Your objective - Starting with the line where "その後、本を返した子どもたち" appears, print every line through the end of the entries below exactly as it stands, and leave out the pictures.

Records supplied -

==*==

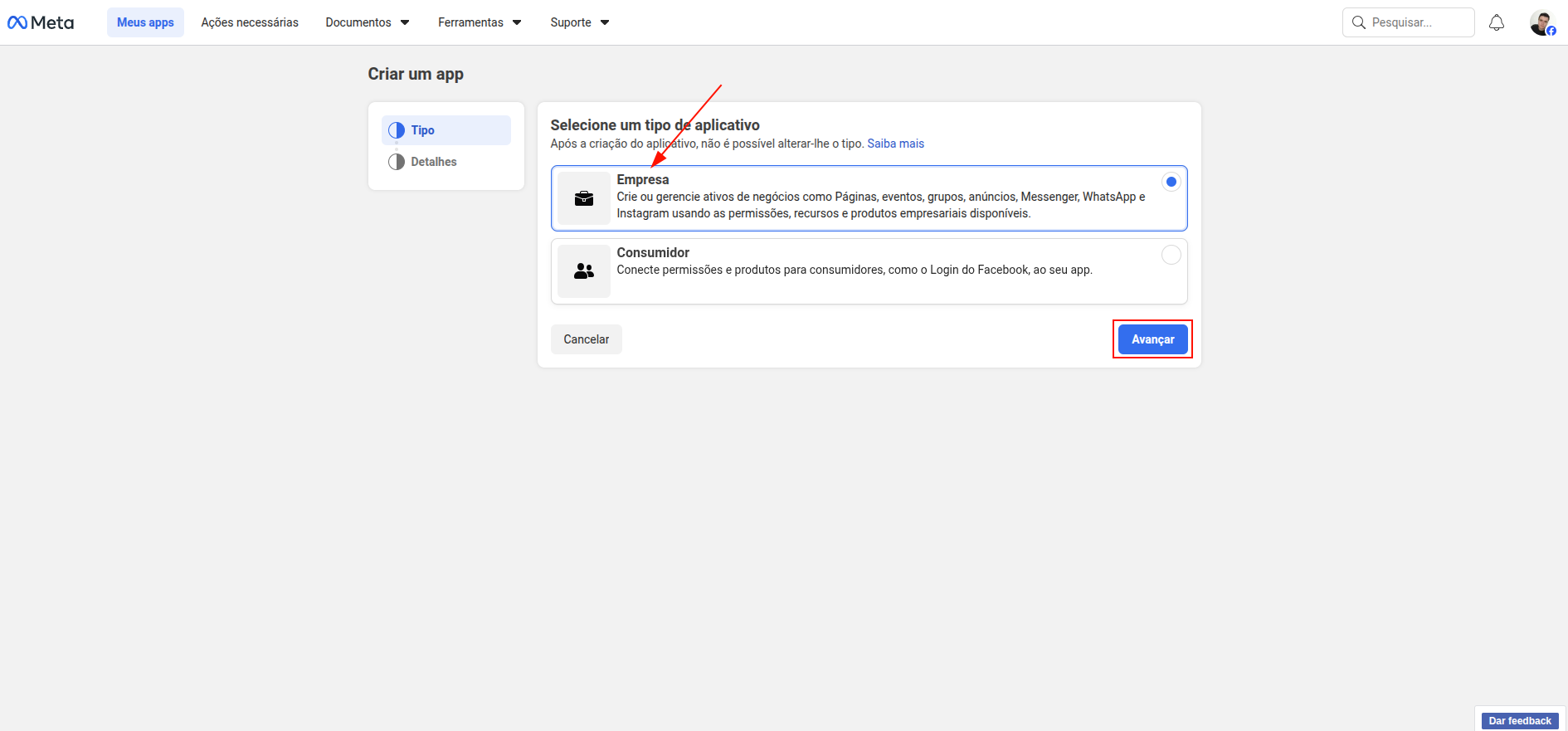 Quando solicitado o tipo de aplicativo, selecione “Empresa”.
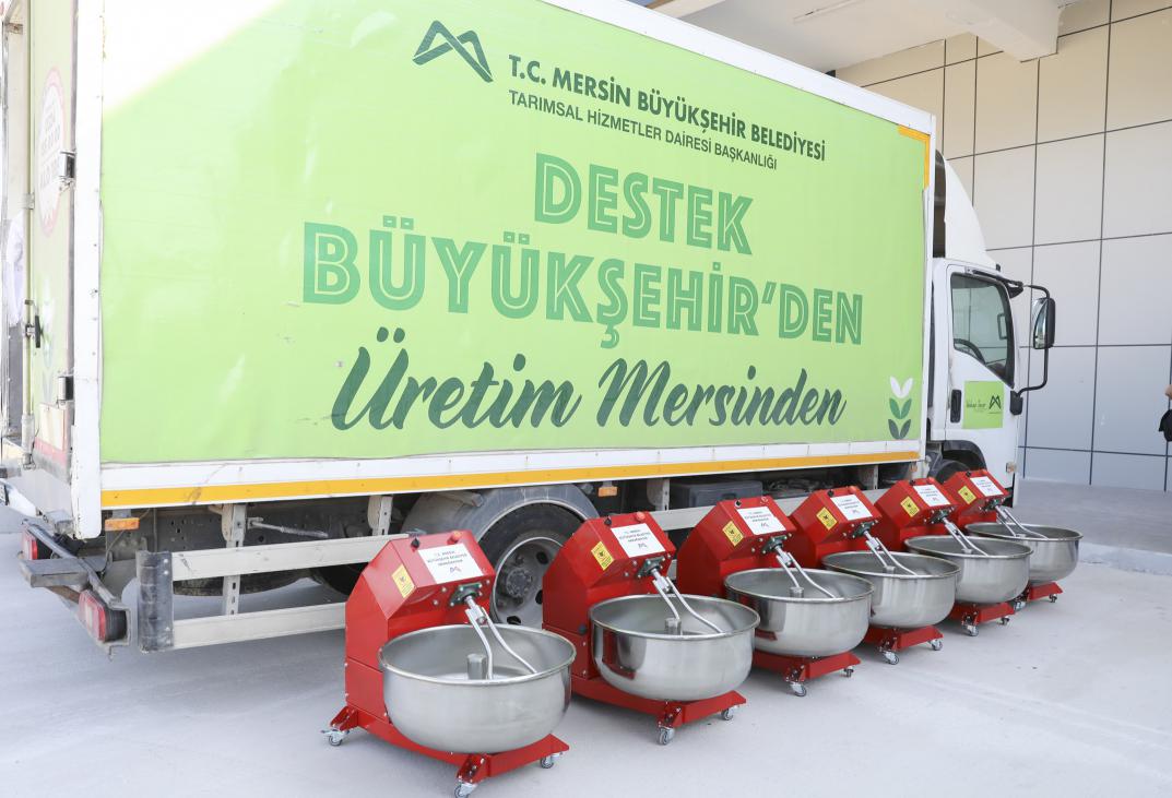 Kırsalda üretimi büyütmeyi amaçlayan ve günümüz ekonomik koşullarında üretmekte zorlanan üreticilerin yanında olan Büyükşehir, Anamur’da kadınların hamur yapma sürecini daha pratik bir hale getirmek ve iş yükünü azaltmak için 7 mahalleye birer adet olmak üzere hamur yoğurma makinesi teslim etti. Aydıncık’ta gerçekleşen törende ise arı yetiştiricilerine malzeme setlerini teslim eden Büyükşehir, 4 adet hamur yoğurma makinesi ile birlikte, Yeniyürük Sulama Kooperatifi’ne 1 adet Badem Soyma Makinesi desteği sağladı.
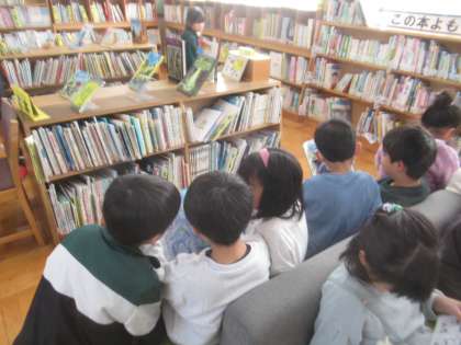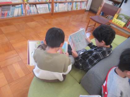 その後、本を返した子どもたちは、お互いの本を見せ合いながら読んだり、同じ本を一緒に読んだり仲良く読書に親しんでいました。
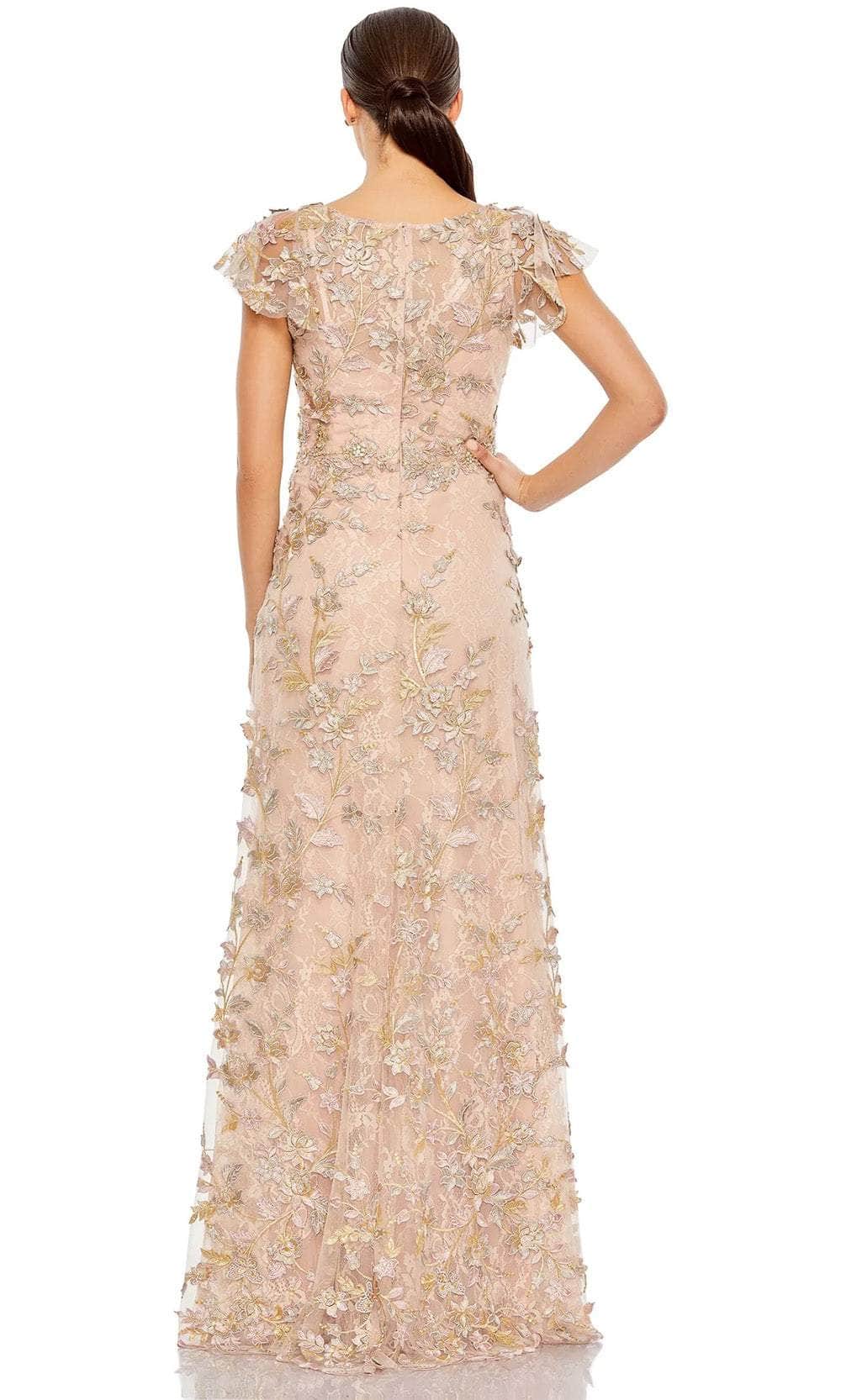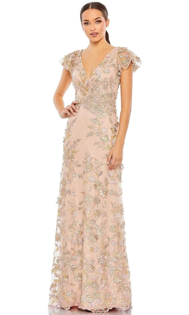 Embrace your inner queen and make a long-lasting impression in this masterpiece from Mac Duggal 68192. Embellished with shimmering beads and a lace applique in a foliage pattern, this gown exudes opulence and femininity. The short flutter sleeves and surplice deep v-neckline add a touch of allure. A concealed zipper closure at the partial illusion back offers a comfortable fit and keeps it all together. The skirt fashions an A-line silhouette that drapes beautifully to the floor length hemline. Mac Duggal 68192 long gown is a charming choice for your next special occasion. Model is wearing Rose Gold color.
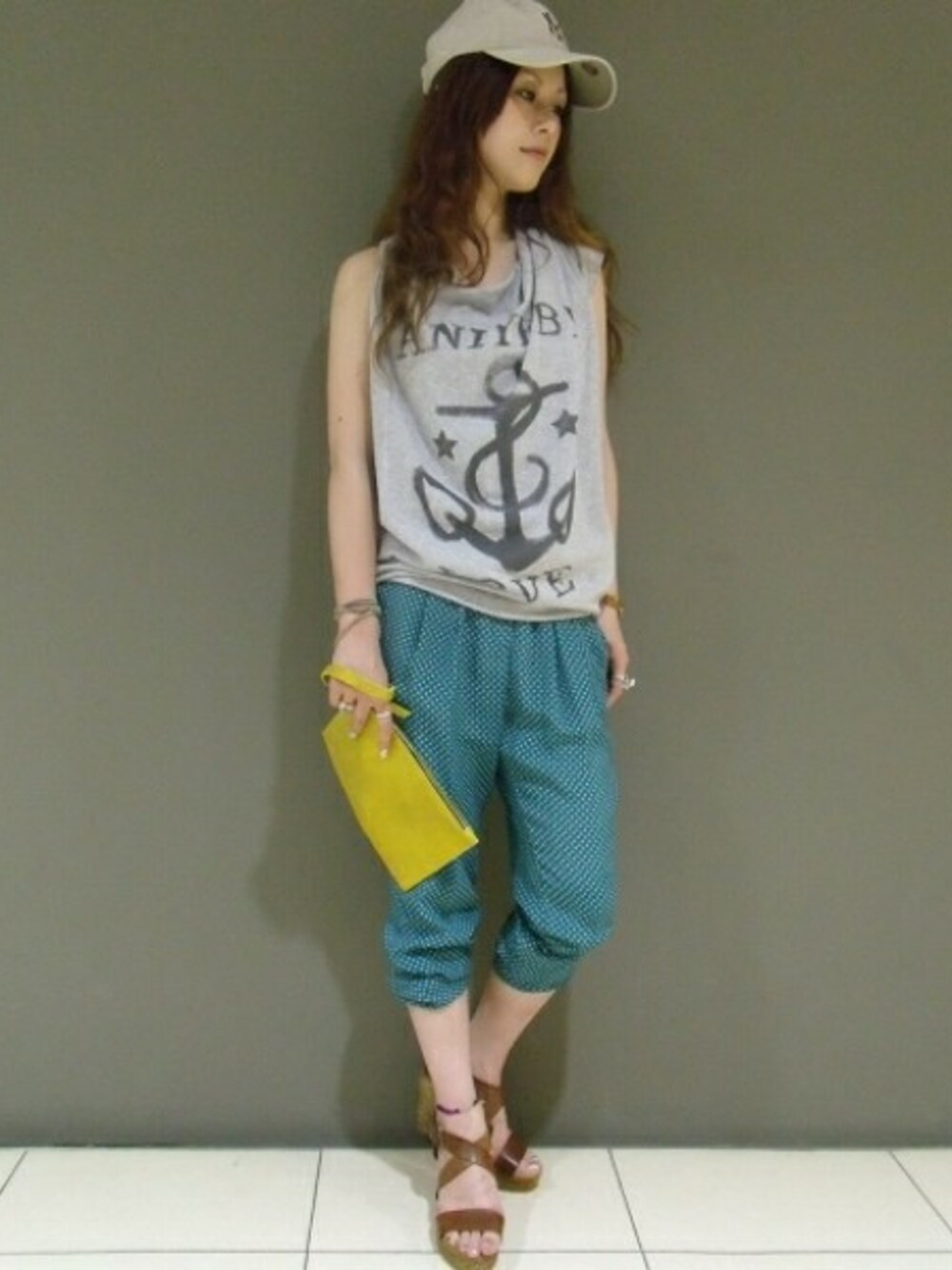 今シーズンおすすめインポートブランド【ANIYE BY】を使ったコーディネート。 アシンメトリーなデザインがポイントのカットソーは、肩まであげてタンクトップ風に。 ボトムスはくしゅっと上げて、コンパクトに仕上げました。 ゆったりめなデザインのアイテムはヒールのあるサンダルでまとめると、バランスよく仕上がります。

==*==

Your response -
 その後、本を返した子どもたちは、お互いの本を見せ合いながら読んだり、同じ本を一緒に読んだり仲良く読書に親しんでいました。
 Embrace your inner queen and make a long-lasting impression in this masterpiece from Mac Duggal 68192. Embellished with shimmering beads and a lace applique in a foliage pattern, this gown exudes opulence and femininity. The short flutter sleeves and surplice deep v-neckline add a touch of allure. A concealed zipper closure at the partial illusion back offers a comfortable fit and keeps it all together. The skirt fashions an A-line silhouette that drapes beautifully to the floor length hemline. Mac Duggal 68192 long gown is a charming choice for your next special occasion. Model is wearing Rose Gold color.
 今シーズンおすすめインポートブランド【ANIYE BY】を使ったコーディネート。 アシンメトリーなデザインがポイントのカットソーは、肩まであげてタンクトップ風に。 ボトムスはくしゅっと上げて、コンパクトに仕上げました。 ゆったりめなデザインのアイテムはヒールのあるサンダルでまとめると、バランスよく仕上がります。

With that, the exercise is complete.